On the contrary, a back propagation refers to a process of setting
a difference between a result value of the forward propagation and
a target value included in the training data as an error, and
reupdating a weight to reduce the error. Through the back
propagation, more errors may be fed back to a node (neuron) greatly
affecting the result value.
[0050] However, when a training parameter has a discrete value or a
binary value as suggested herein, it is difficult to differentiate
an error function and perform an optimization using the same. To
solve the foregoing, the error back propagation including
quantization noise is suggested herein.
[0051] The training model parameters finally derived through the
training process are applied to the encoding process and the
decoding process.
[0052] The frequency transform (S101) and the coefficient
binarization (S102) in the encoding process are performed in the
same manner as in the frequency transform (S109) and the
coefficient binarization (S110) in the training process.
[0053] The encoding layer feedforward (S103) outputs a latent
representation bitstream using an encoding layer model parameter
derived through the training process and the reconstructed binary
vector being an output of the coefficient binarization (S102).
Here, a latent representation is a low-dimension representation
output in the encoding process of the autoencoder.
[0054] The entropy encoding (S104) performs an entropy encoding
such as a Huffman coding or an arithmetic coding based on a
probability distribution of the latent representation bitstream to
further increase a compression rate. A bitstream is finally output
through the encoding process.
[0055] When the Huffman coding is used in the entropy encoding
(S104), a Huffman table formed in the training process may be used.
In the training process, the Huffman table may be generated using a
unique binary bit string set. However, when the number of audio
signals included in the training DB is insufficient, the binary bit
string generated in the encoding process being the testing process
may not be found in the Huffman table generated in the training
process. Thus, the entropy encoding (S104) needs to process, as an
exception, a latent representation bit string not included in the
Huffman table generated in the training process since the Huffman
table for the entropy encoding (S104) may be incomplete depending
on the configuration of the audio signals included in the training
DB.
[0056] According to the example embodiments, a plurality of methods
for processing the latent representation bit string not included in
the Huffman table derived through the training process is
provided.
[0057] The first method is preparing a Huffman table for bit
strings corresponding to the number of all possible cases of audio
signals included in the training DB, even if not included, when
generating the Huffman table for a Huffman coding in the entropy
encoding (S104).
[0058] The second method is, if a latent representation bit string
not included appears in the training process, omitting a Huffman
coding, and transmitting or storing the corresponding latent
representation bit string as is.
[0059] The third method is, if a latent representation bit string
not included in the Huffman table generated in the training process
is verified, searching for another latent representation bit string
corresponding to a Hamming distance closest to the latent
representation bit string verified in the Huffman table, and then
transmitting a codeword with respect to the found latent
representation bit string instead.
[0060] The decoding process includes an entropy decoding (S105), a
decoding layer feedforward (S106), a real number transform (S107),
and a frequency inverse transform (S108).

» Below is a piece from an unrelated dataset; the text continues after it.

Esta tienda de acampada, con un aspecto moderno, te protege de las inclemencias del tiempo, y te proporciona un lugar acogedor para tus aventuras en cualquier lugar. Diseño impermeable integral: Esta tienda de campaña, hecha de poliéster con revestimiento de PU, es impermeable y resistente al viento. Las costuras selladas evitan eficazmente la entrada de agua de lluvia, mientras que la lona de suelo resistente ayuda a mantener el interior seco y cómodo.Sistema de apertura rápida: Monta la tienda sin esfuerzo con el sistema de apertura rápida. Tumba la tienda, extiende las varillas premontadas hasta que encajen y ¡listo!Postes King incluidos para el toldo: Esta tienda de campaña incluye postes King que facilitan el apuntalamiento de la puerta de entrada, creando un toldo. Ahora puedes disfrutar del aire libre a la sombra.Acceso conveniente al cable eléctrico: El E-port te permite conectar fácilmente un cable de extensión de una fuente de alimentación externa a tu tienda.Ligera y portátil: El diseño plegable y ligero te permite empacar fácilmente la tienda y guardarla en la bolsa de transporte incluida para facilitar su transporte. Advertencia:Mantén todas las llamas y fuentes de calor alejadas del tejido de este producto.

[0061] In the entropy decoding (S105), a trainer of an audio codec
using the bitwise autoencoder outputs a latent representation
bitstream from the encoded bitstream being an output of an encoder
through the entropy decoding process.
[0062] The decoding layer feedforward (S106) restores a
reconstructed binary vector using a decoding layer model parameter
trained by the trainer with the latent representation bitstream as
an input.
[0063] The real number transform (S107) outputs a frequency domain
coefficient restored by transforming the reconstructed binary
vector into a real number by grouping the binary vector each by N
bits.
[0064] The frequency inverse transform (S108) outputs a restored
audio signal from the restored frequency domain coefficient using
an inverse-transform algorithm.
[0065] FIG. 2 is a diagram illustrating an autoencoder according to
an example embodiment.
[0066] An autoencoding network may perform an encoding process
moderately through dimension reduction. However, in order to
utilize the autoencoding network as an effective encoding tool, a
process of binarizing a latent representation or at least
facilitating a binarization is essentially required. Semantic
hashing may solve such an issue by forcing a code layer output to
an extreme value by adding noise to an input of a code layer.

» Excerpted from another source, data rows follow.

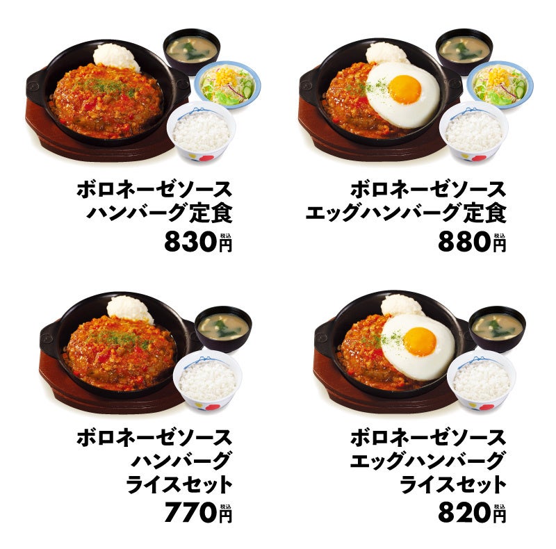 | 商品名 ボロネーゼソースハンバーグ定食 830円 ボロネーゼソースハンバーグライスセット 770円 ボロネーゼソースエッグハンバーグ定食 880円 ボロネーゼソースエッグハンバーグライスセット 820円 ※お持ち帰りいただけます。お持ち帰りにみそ汁は付きません。 お持ち帰りの場合、みそ汁は別途60円でお求めいただけます。 ※税込み価格です。 発売日 2023年1月24日(火)午前10時 ~ |
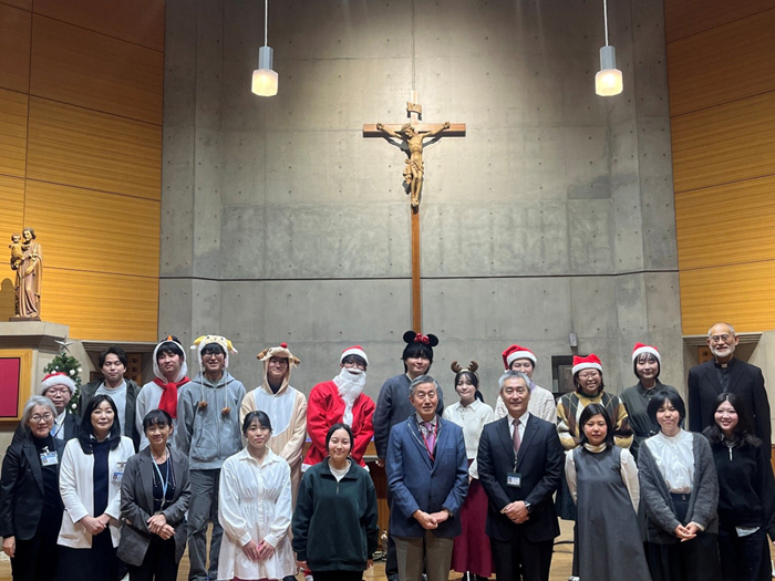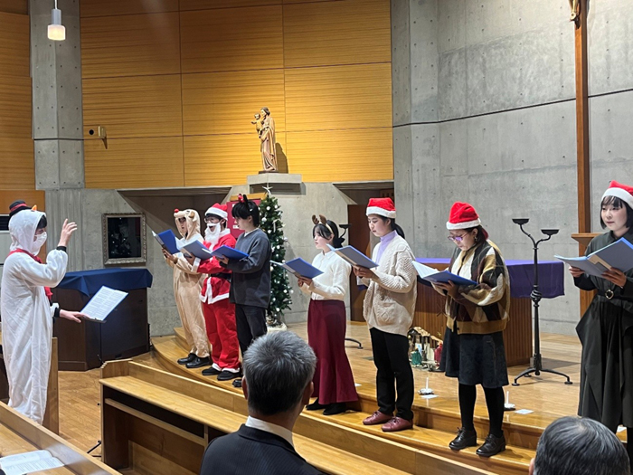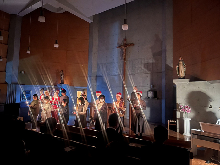 12月16日(火)、特別教育施設「聖堂」にて「クリスマスの集い」が開催されました。 夕刻16時30分、バスロータリーのイルミネーションが点灯すると、キャンパスは一気にクリスマスムードに。18時30分からの本番は、北川学長の挨拶でスタートしました。 キャンドルサービスでは、聖堂がろうそくの柔らかな光に包まれました。小田神父による聖書朗読や、聖歌の清らかな歌声が響き渡り、参加者は心静かに祈りを捧げました。 後半のMCC(マリアンナコーラスクラブ)によるミニコンサートでは、一転して賑やかな雰囲気に。『銀河鉄道999』や『サンタが街にやってくる』など、希望や平和へのメッセージが込められた5曲が披露され、会場は温かな拍手に包まれました。 最後は明石センター長の挨拶で締めくくられ、冬の夜にふさわしい、心温まるイベントとなりました。
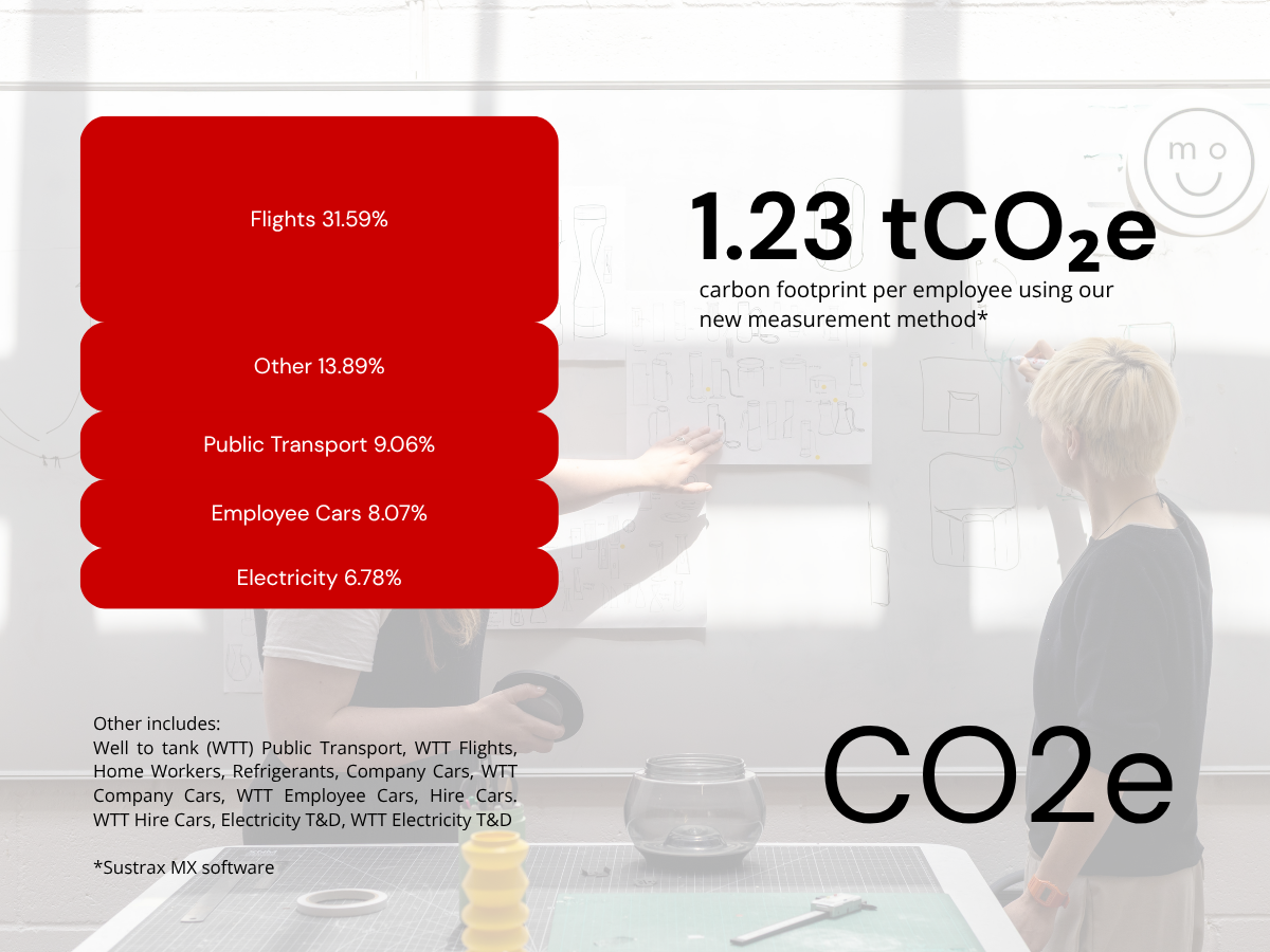 This year we introduced a clearer and more consistent approach to measuring our carbon footprint. The new methodology gives us a stronger foundation for tracking progress in the years ahead. Our emissions reflect the realities of a hybrid team with a shared studio, including flights for our Milan team trip, commuting patterns and home working. The goal now is to use this baseline to make more informed decisions and integrate reduction strategies where they make the most meaningful difference.
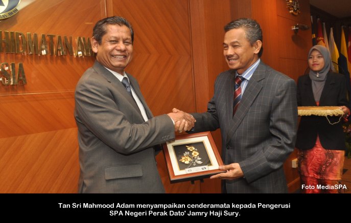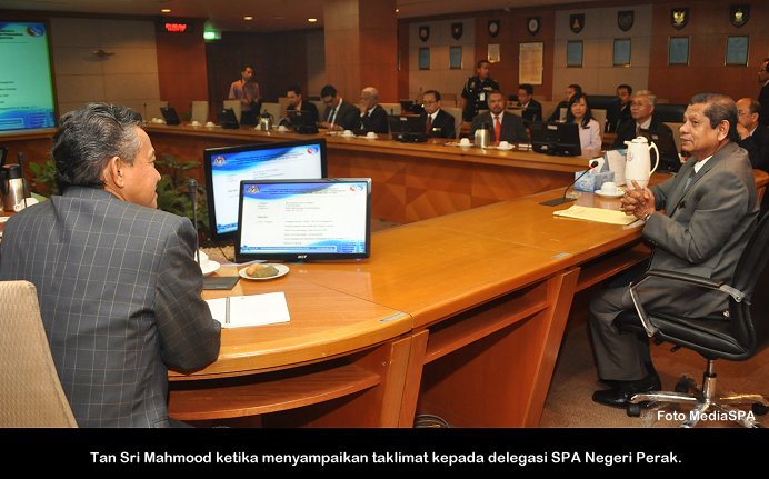 PUTRAJAYA, 29 Jan------ Ahli-Ahli Suruhanjaya Perkhidmatan Awam Negeri Perak mengadakan perjumpaan bersama Pengerusi S.P.A, Tan Sri Mahmood Adam di Purtajaya, semalam. Perjumpaan delegasi dari SPAN Perak diketuai oleh Pengerusinya Dato’ Jamry Haji Sury. Perjumpaan selama dua jam itu dimulakan dengan sesi taklimat yang disampaikan oleh Tan Sri Mahmood Adam mengenai competency based interview (CBI) sesi maklum balas dan penyampaian sijil, serta cenderamata. ------MediaSPA

[0067] However, a semantic hashing network has a critical
disadvantage of requiring excessive resources during a test time
due to a large volume of parameters. Deep learning principally
requires considerable effort such as great computational complexity
for a training process, and requires relatively less computational
complexity for a testing process.
[0068] However, to perform a test using a device having limited
resources, there is still a burden in terms of time. In particular,
in order to apply a deep neural network (DNN) to real-time
application such as encoding and decoding, an excessive complexity
of the DNN may be an obstacle, and thus the DNN may not be the best
solution despite providing an excellent performance. For example,
in a general neural network having 1024 hidden units for each
layer, the number of addition and multiplication operations easily
exceeds millions of floating point operations, and increases
linearly as the depth of the network increases.

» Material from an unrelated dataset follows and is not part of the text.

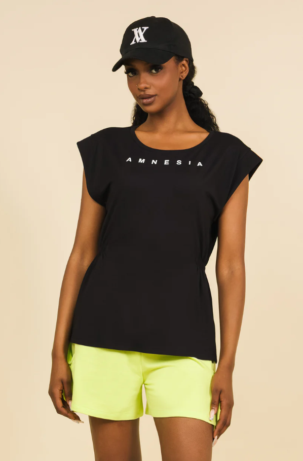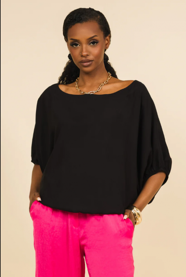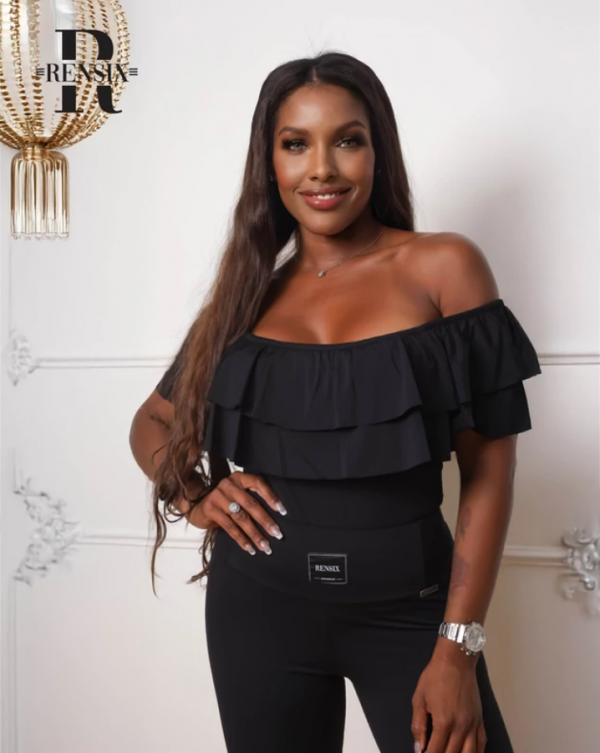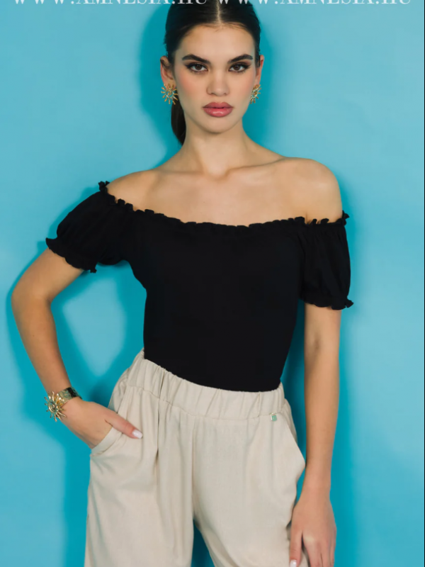 Rensix póló csónaknyakú vállralehúzós dupla fodros fekete 2025

[0069] Herein, an autoencoder including an encoder and a decoder is
used as an audio signal compression tool, and a code layer which is
a predetermined hidden layer preferring to have a fewer number of
hidden units is selected. With this regard, there are two
significant issues to be solved herein.
[0070] First, since the encoder of the neural network performs a
role for dimension reduction, a code layer should have as few
hidden units as possible, and an artifact caused by dimension
reduction should not be great in the decoder which performs a role
for restoring a low-dimensionally represented code to an original
signal.
[0071] Second, a quantization process such as a code binarization
should be performed focusing on a distribution of the code layer
output. That is, if it is possible to readily binarize the code
layer output, the dimension of the code layer directly corresponds
to the length of a code which is a bitstream representation of a
compressed signal. As a method of quantizing the code layer, a
sigmoid function, such as a logistic or hyperbolic tangent
function, which provides a saturated output with respect to an
input may be used.
[0072] However, since these methods do not produce highly saturated
distributions, there has been suggested a semantic hashing method
in which the distribution of the code layer output is very extreme
by partially adding Gaussian noise to the input signal of the code
layer.
[0073] In this example, the shape of the obtained distribution has
two peaks concentrated around "0" and "1" in case of the logistic
function, and a binarization operation simply delimits the values
using a threshold of "0.5". A layer including 32 units representing
a deep-autoencoder with respect to semantic hashing may be used as
the code layer.
[0074] Similar to the DNN, semantic hashing needs to perform
several great matrix products in a feedforward operation and thus,
has a limitation to hashing big data or converting signals in real
time. There is still a burden in an environment with limited
resources such as music playback on a mobile terminal and a
real-time application.
[0075] In relation to a network compression for effectively
improving a runtime, strong quantization technology such as a
binarization which innovatively reduces the number of bits
associated with data and model parameters is applied herein. An
existing neural network operating with discrete parameters was used
on hardware having a limited quantization level, which, however,
results in a considerable degradation in the performance. Such
issues may be moderately solved by performing a quantization in
advance in the training operation in addition to final hardware
implementation.
[0076] FIG. 3 is a diagram illustrating a truth table of an XNOR
operation according to an example embodiment.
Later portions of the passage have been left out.